=== Recorded data ===
◆ ◆ ◆

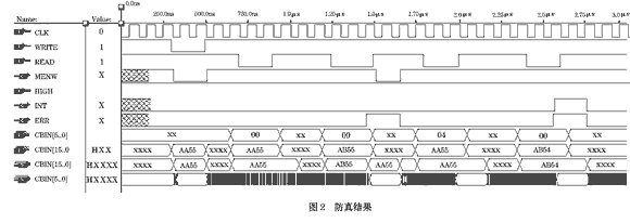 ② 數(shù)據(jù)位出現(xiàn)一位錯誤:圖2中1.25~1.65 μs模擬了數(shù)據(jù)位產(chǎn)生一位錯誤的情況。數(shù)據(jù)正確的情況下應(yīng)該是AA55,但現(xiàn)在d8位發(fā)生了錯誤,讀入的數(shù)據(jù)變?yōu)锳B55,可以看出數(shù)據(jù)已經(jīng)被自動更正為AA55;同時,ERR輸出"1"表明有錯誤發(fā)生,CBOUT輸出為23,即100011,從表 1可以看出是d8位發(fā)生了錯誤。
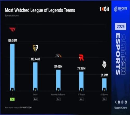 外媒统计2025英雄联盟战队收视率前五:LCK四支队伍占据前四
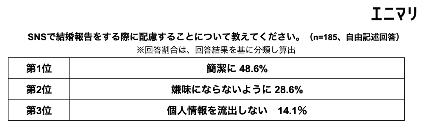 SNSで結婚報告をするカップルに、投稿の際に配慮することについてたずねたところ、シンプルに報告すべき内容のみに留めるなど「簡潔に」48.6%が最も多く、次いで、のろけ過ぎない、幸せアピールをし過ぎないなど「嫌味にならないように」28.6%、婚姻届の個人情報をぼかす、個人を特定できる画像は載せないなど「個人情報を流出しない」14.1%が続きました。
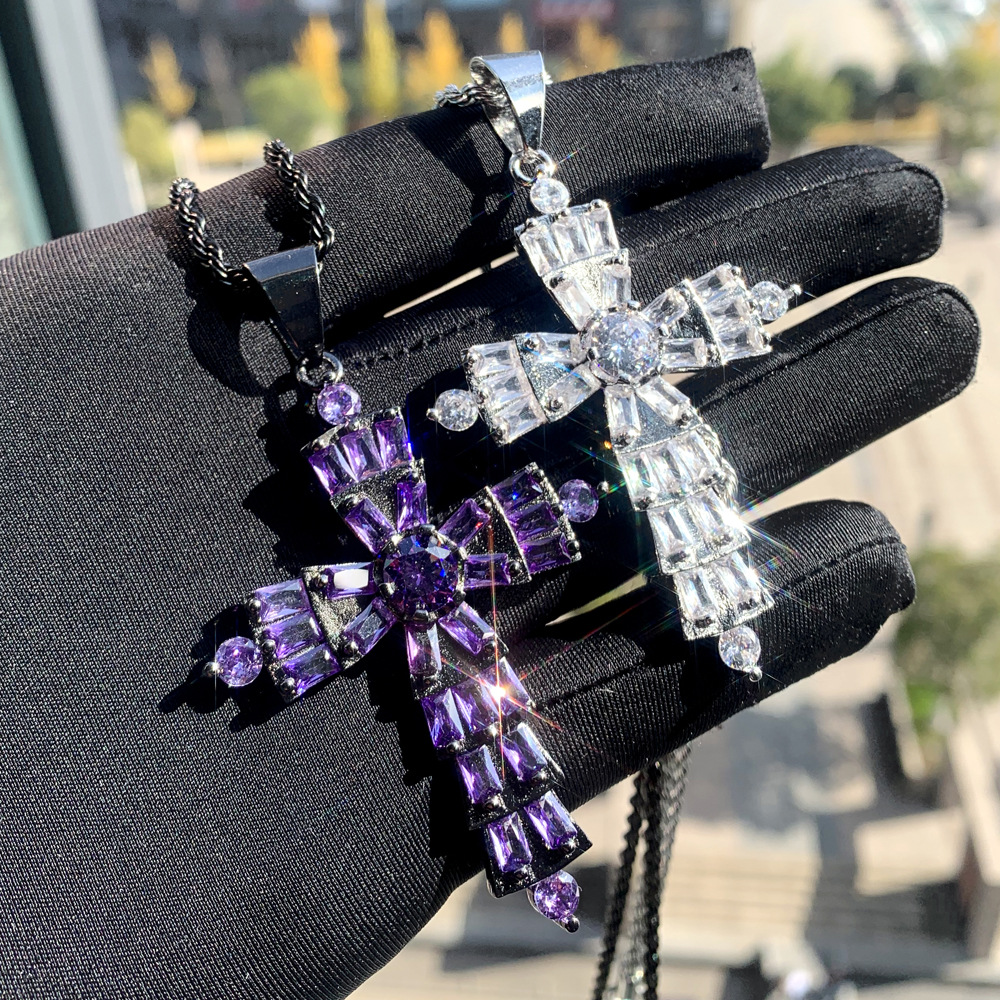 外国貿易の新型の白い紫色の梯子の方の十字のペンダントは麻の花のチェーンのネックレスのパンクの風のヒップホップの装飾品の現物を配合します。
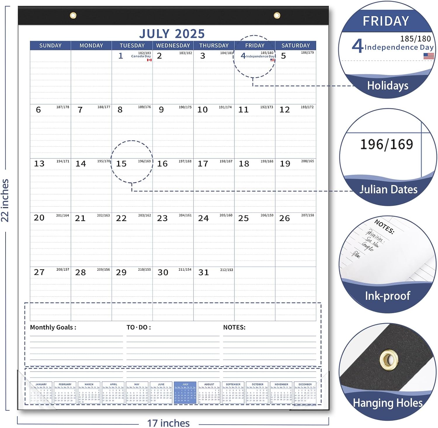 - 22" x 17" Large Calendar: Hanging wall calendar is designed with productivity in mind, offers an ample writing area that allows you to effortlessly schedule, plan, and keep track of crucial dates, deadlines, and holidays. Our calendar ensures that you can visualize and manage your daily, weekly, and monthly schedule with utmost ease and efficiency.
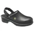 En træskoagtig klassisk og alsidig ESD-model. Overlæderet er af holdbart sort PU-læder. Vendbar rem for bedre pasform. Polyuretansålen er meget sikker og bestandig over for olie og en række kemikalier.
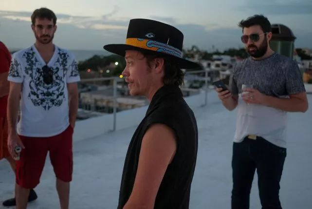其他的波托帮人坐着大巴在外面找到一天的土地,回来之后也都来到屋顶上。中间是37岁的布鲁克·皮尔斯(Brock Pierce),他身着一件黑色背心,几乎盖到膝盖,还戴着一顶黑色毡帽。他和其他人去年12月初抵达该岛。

◆ ◆ ◆

=== Task ===
Find the line with "SNSで結婚報告をするカップ" in the data above, and from there retype each line exactly through the line with "En træskoagtig klassisk", skipping the pictures along the way.

=== Answer for this exercise ===
 SNSで結婚報告をするカップルに、投稿の際に配慮することについてたずねたところ、シンプルに報告すべき内容のみに留めるなど「簡潔に」48.6%が最も多く、次いで、のろけ過ぎない、幸せアピールをし過ぎないなど「嫌味にならないように」28.6%、婚姻届の個人情報をぼかす、個人を特定できる画像は載せないなど「個人情報を流出しない」14.1%が続きました。
 外国貿易の新型の白い紫色の梯子の方の十字のペンダントは麻の花のチェーンのネックレスのパンクの風のヒップホップの装飾品の現物を配合します。
 - 22" x 17" Large Calendar: Hanging wall calendar is designed with productivity in mind, offers an ample writing area that allows you to effortlessly schedule, plan, and keep track of crucial dates, deadlines, and holidays. Our calendar ensures that you can visualize and manage your daily, weekly, and monthly schedule with utmost ease and efficiency.
 En træskoagtig klassisk og alsidig ESD-model. Overlæderet er af holdbart sort PU-læder. Vendbar rem for bedre pasform. Polyuretansålen er meget sikker og bestandig over for olie og en række kemikalier.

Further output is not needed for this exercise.